● **Exercise**
Print the listing below verbatim, passing over each picture.

● **Source material**
————

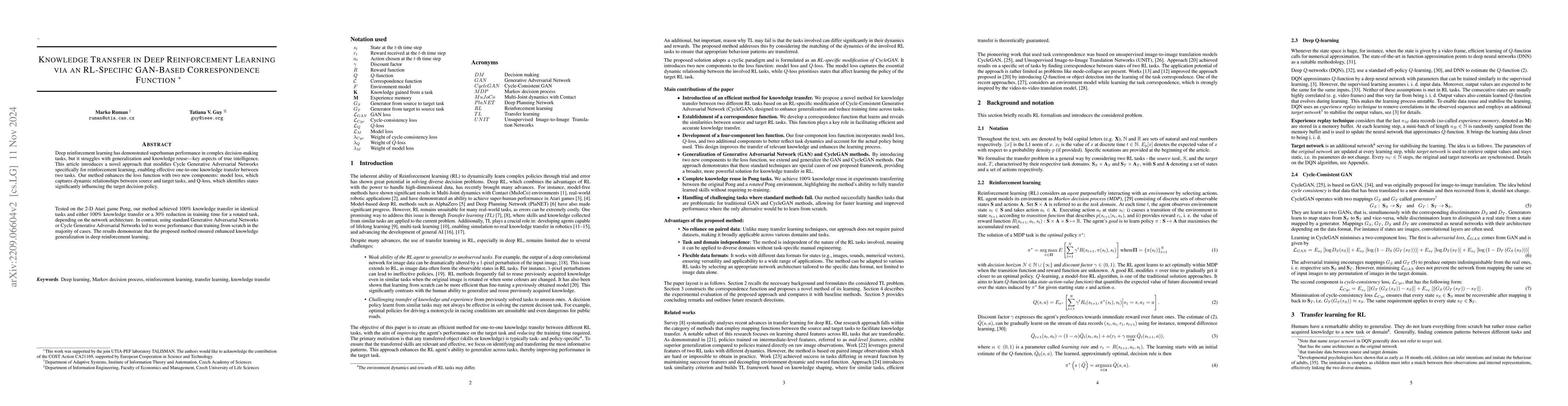 This paper proposes a method using a generative adversarial network to enable knowledge transfer between reinforcement learning tasks, aiming to generalize and reuse learned knowledge for solving new, unseen tasks. The approach seeks to create a more intelligent agent capable of leveraging past experiences.
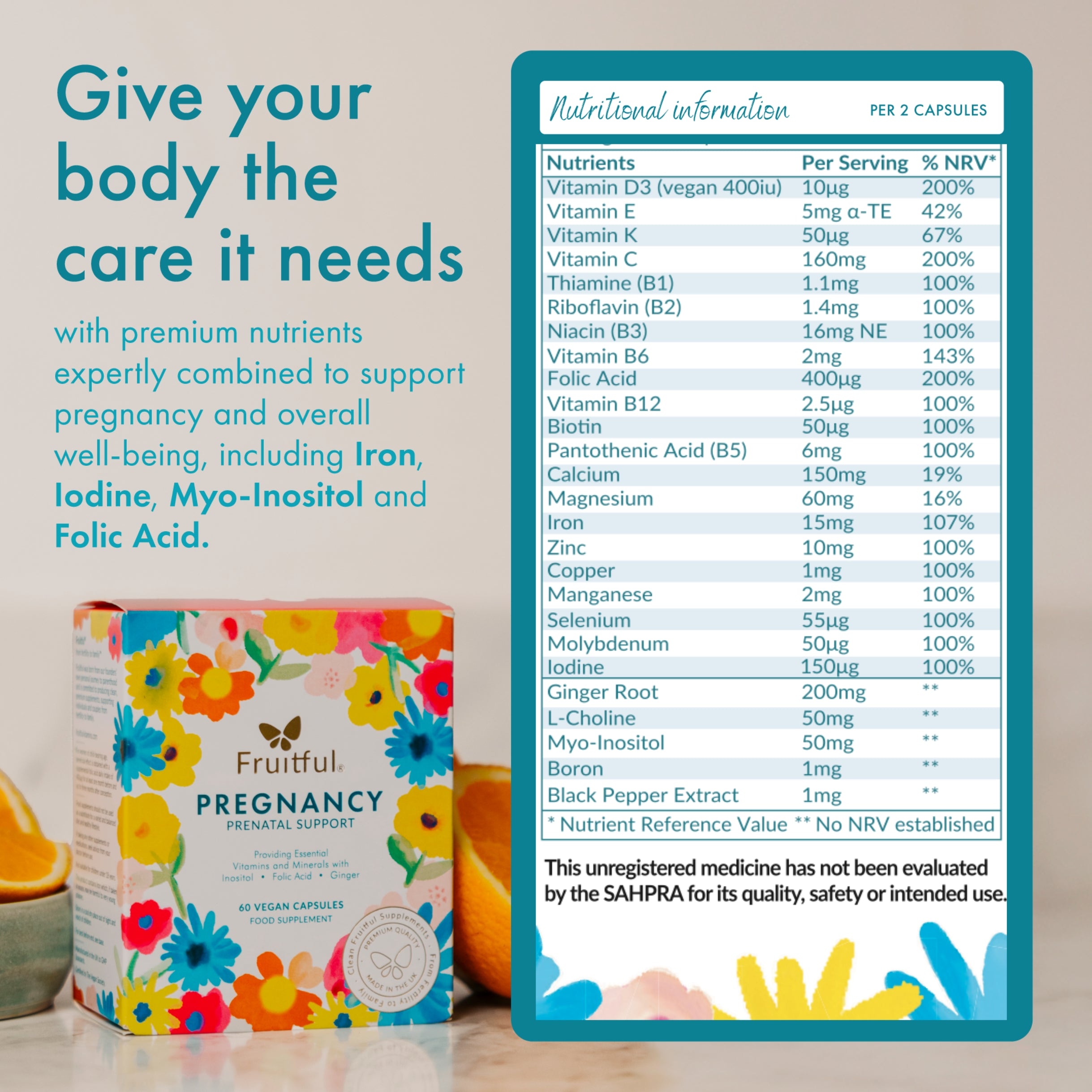 Fruitful® Pregnancy – Prenatal Support provides essential vitamins, minerals and botanicals to nourish you and your baby at every stage. Clean, vegan and additive-free for a healthy pregnancy.
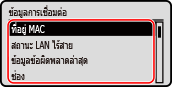 การดูที่อยู่ MAC และข้อมูลการเชื่อมต่อของ LAN แบบไร้สาย

————

● **Response area**
 This paper proposes a method using a generative adversarial network to enable knowledge transfer between reinforcement learning tasks, aiming to generalize and reuse learned knowledge for solving new, unseen tasks. The approach seeks to create a more intelligent agent capable of leveraging past experiences.
 Fruitful® Pregnancy – Prenatal Support provides essential vitamins, minerals and botanicals to nourish you and your baby at every stage. Clean, vegan and additive-free for a healthy pregnancy.
 การดูที่อยู่ MAC และข้อมูลการเชื่อมต่อของ LAN แบบไร้สาย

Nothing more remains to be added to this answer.